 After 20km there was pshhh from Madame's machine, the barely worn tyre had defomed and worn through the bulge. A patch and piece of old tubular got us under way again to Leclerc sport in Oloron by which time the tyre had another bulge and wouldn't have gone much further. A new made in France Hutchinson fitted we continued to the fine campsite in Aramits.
* * *
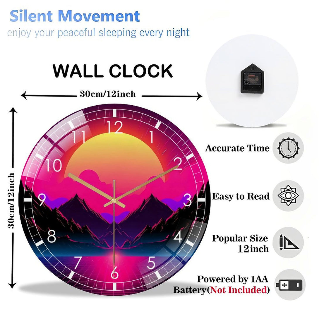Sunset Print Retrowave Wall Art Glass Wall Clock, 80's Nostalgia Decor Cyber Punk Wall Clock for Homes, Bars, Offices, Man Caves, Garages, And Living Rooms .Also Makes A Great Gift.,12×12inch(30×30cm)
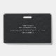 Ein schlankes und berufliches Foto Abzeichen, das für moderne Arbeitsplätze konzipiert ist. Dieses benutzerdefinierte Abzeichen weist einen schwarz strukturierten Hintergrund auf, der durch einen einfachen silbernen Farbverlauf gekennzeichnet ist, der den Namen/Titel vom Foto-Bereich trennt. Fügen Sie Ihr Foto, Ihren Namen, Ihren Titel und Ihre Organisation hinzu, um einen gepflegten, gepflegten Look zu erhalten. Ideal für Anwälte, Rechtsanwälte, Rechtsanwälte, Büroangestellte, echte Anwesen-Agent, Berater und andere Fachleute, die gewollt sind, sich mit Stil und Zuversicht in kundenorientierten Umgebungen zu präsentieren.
---
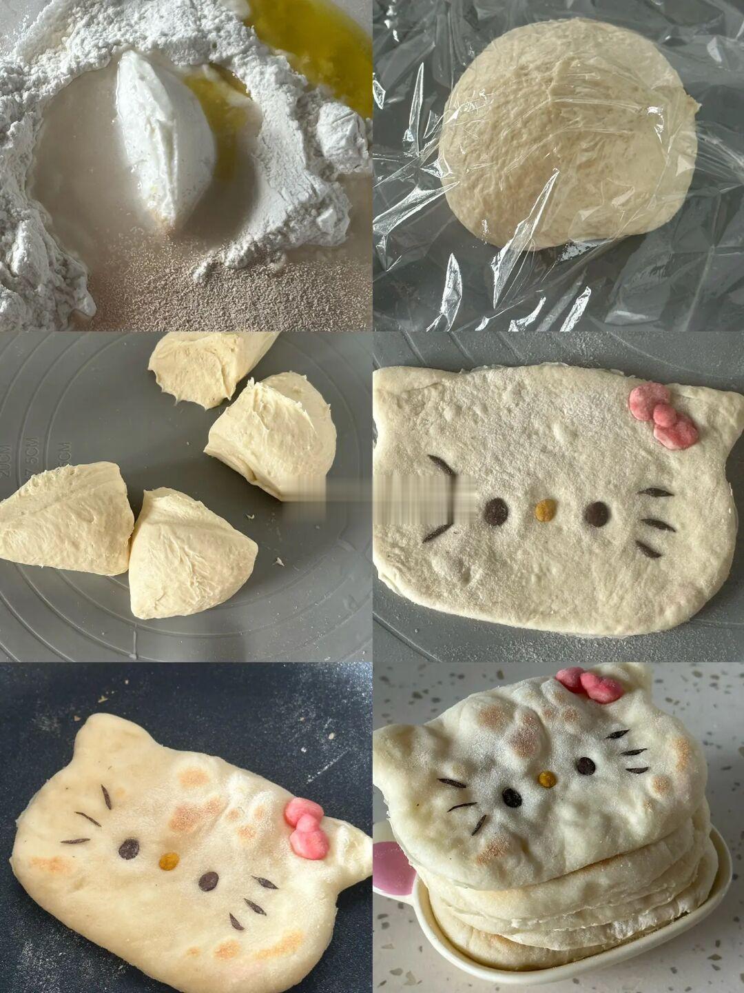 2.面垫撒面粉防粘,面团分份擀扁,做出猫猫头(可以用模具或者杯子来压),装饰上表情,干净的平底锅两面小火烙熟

PROBLEM TO WORK ON: From the records above, transcribe only the stretch from the line with "Sunset Print Retrowave" through the line with "Ein schlankes und", keeping both ends. Omit pictures.

ANSWER TO THIS TASK:
Sunset Print Retrowave Wall Art Glass Wall Clock, 80's Nostalgia Decor Cyber Punk Wall Clock for Homes, Bars, Offices, Man Caves, Garages, And Living Rooms .Also Makes A Great Gift.,12×12inch(30×30cm)
 Ein schlankes und berufliches Foto Abzeichen, das für moderne Arbeitsplätze konzipiert ist. Dieses benutzerdefinierte Abzeichen weist einen schwarz strukturierten Hintergrund auf, der durch einen einfachen silbernen Farbverlauf gekennzeichnet ist, der den Namen/Titel vom Foto-Bereich trennt. Fügen Sie Ihr Foto, Ihren Namen, Ihren Titel und Ihre Organisation hinzu, um einen gepflegten, gepflegten Look zu erhalten. Ideal für Anwälte, Rechtsanwälte, Rechtsanwälte, Büroangestellte, echte Anwesen-Agent, Berater und andere Fachleute, die gewollt sind, sich mit Stil und Zuversicht in kundenorientierten Umgebungen zu präsentieren.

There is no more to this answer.